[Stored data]
###

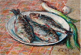 葛子瑜(吉林公主岭) 餐桌上的鱼 油画棒
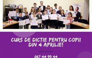 Din 4 APRILIE #începem un NOU CURS de DICȚIE pentru COPII. Instruirile au loc doar sâmbătă și duminică de la 10.00 - 12.00 timp de 5 săptămâni. Adresa: București, 83 între str.Puskin și B.Bodoni. Vârsta 6- 12 ani. #Instruiri moderate de #Vera #Nastasiu, antrenoare acreditată ANC București pe poziția de formator, licențiată în științele educației, masterandă în comunicare și relații publice, SNSPA BUCUREȘTI. Ea este jurnalistă de [...]
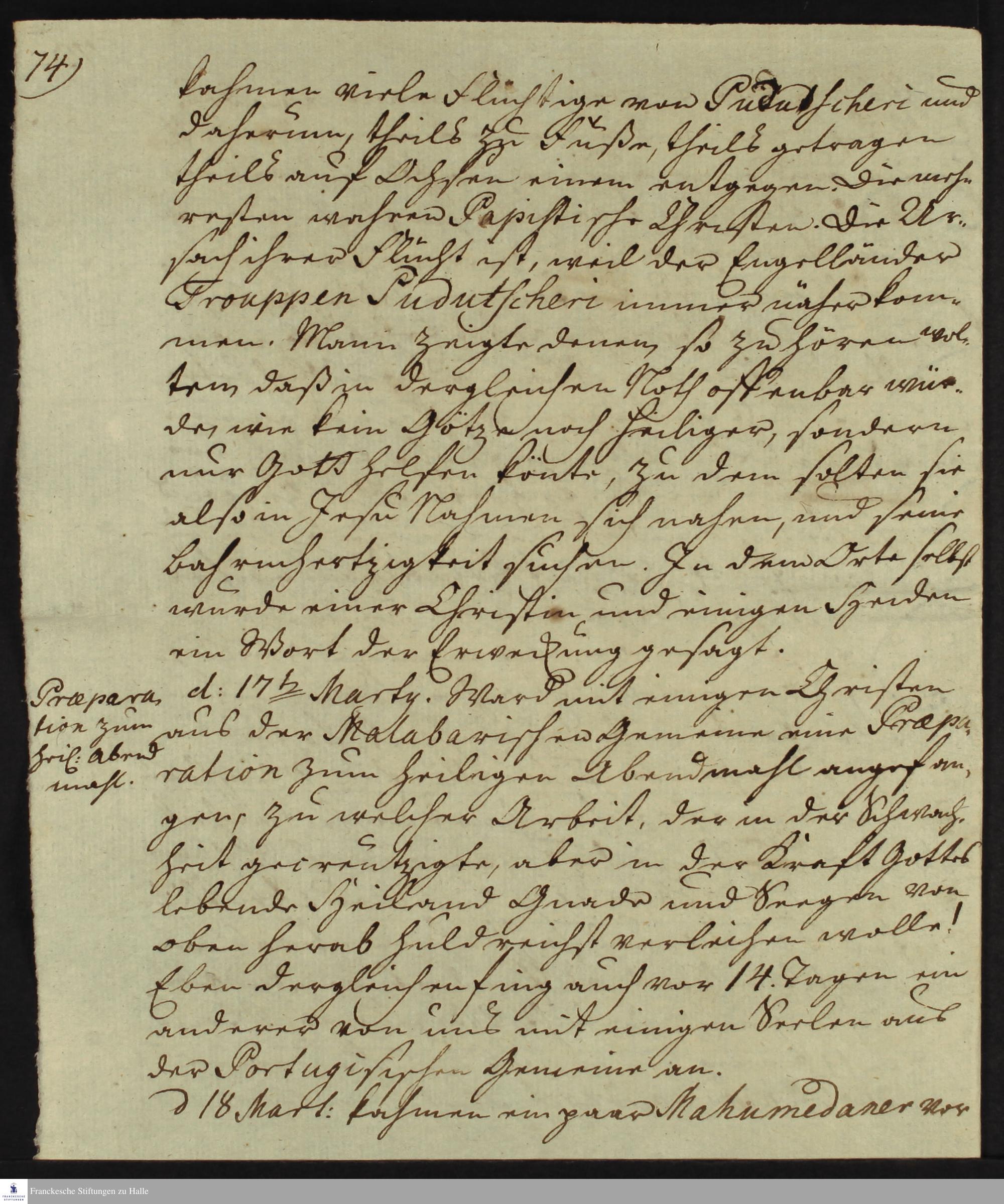 Tagebuch von Johann Christian Wiedebrock, Johann Balthasar Kohlhoff, Daniel Zeglin, Oluf Maderup, Jacob Klein, Christian Friedrich Schwartz und Peter Dame.
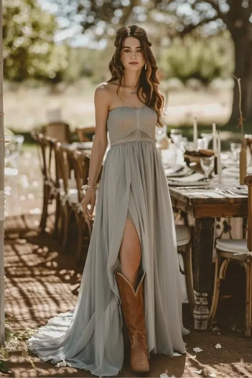 Long dresses with slits are the perfect canvas for showcasing your cowboy boots. The play of lengths adds intrigue and allure to your look, perfect for a range of occasions.
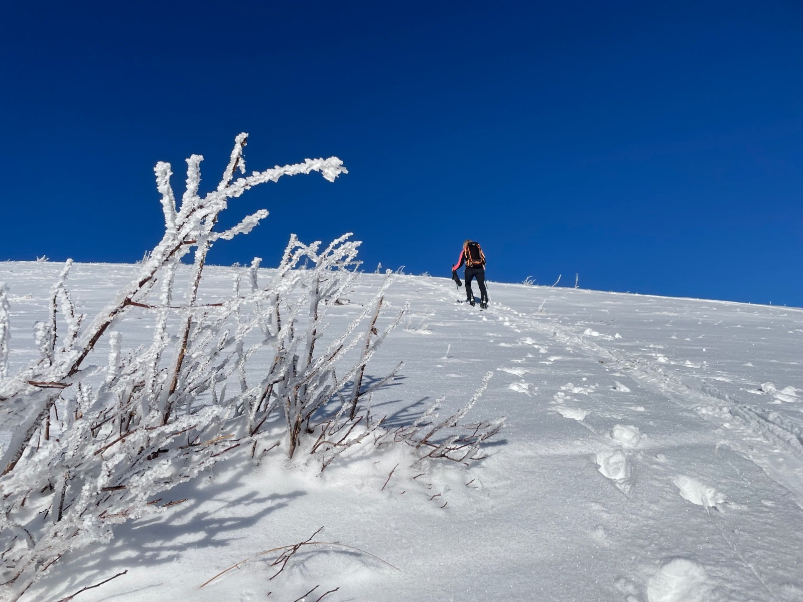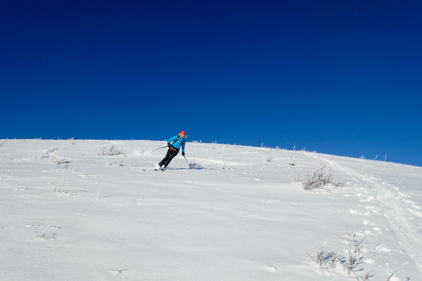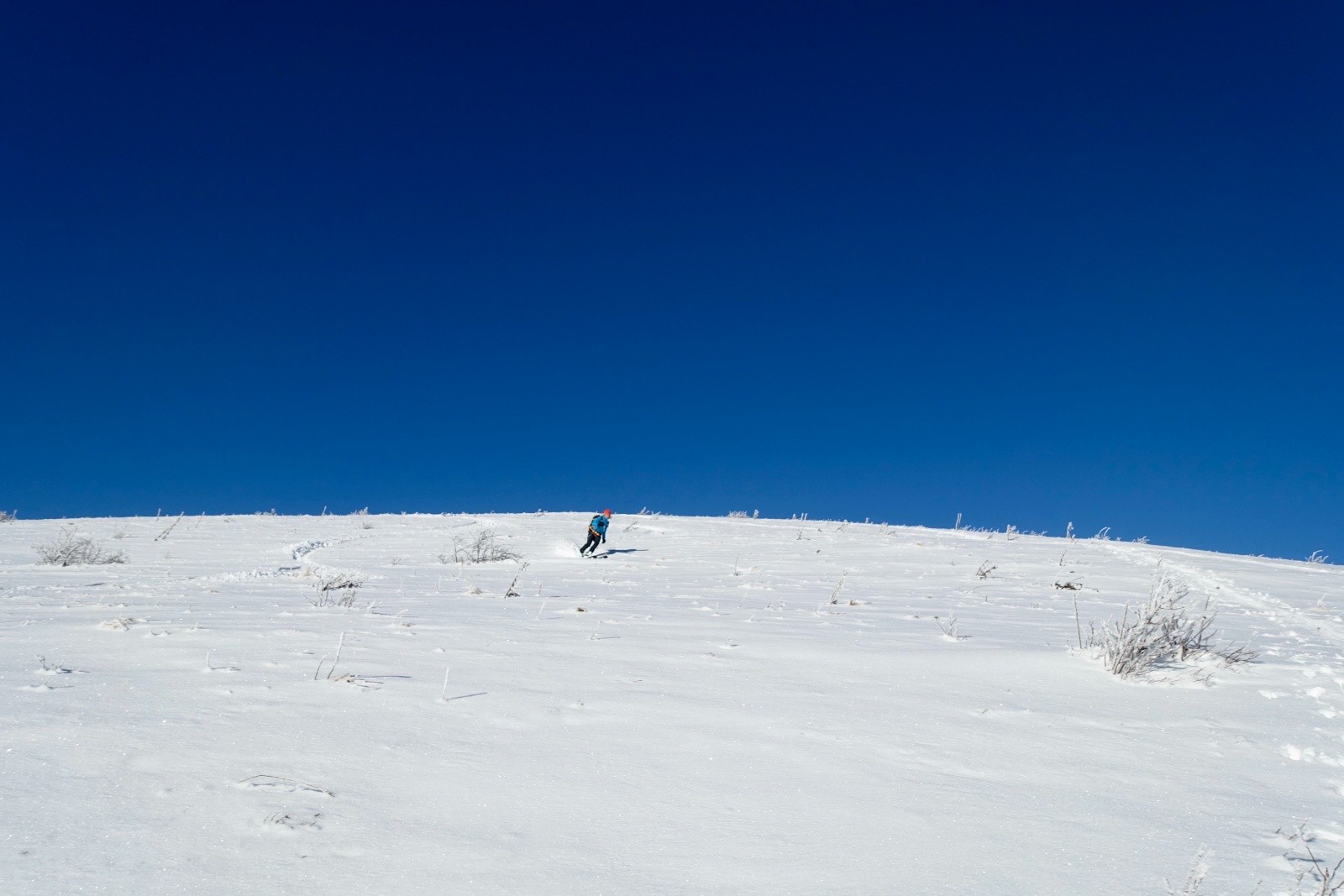 - avaler de nouveau la pente, entendre les semelles crier vers le bas, admettre qu'il faut mettre les skis sur le sac ;

###

Exercise requirements
Give the records again exactly as they stand, so that only the pictures are missing.

Problem solution
 葛子瑜(吉林公主岭) 餐桌上的鱼 油画棒
 Din 4 APRILIE #începem un NOU CURS de DICȚIE pentru COPII. Instruirile au loc doar sâmbătă și duminică de la 10.00 - 12.00 timp de 5 săptămâni. Adresa: București, 83 între str.Puskin și B.Bodoni. Vârsta 6- 12 ani. #Instruiri moderate de #Vera #Nastasiu, antrenoare acreditată ANC București pe poziția de formator, licențiată în științele educației, masterandă în comunicare și relații publice, SNSPA BUCUREȘTI. Ea este jurnalistă de [...]
 Tagebuch von Johann Christian Wiedebrock, Johann Balthasar Kohlhoff, Daniel Zeglin, Oluf Maderup, Jacob Klein, Christian Friedrich Schwartz und Peter Dame.
 Long dresses with slits are the perfect canvas for showcasing your cowboy boots. The play of lengths adds intrigue and allure to your look, perfect for a range of occasions.
 - avaler de nouveau la pente, entendre les semelles crier vers le bas, admettre qu'il faut mettre les skis sur le sac ;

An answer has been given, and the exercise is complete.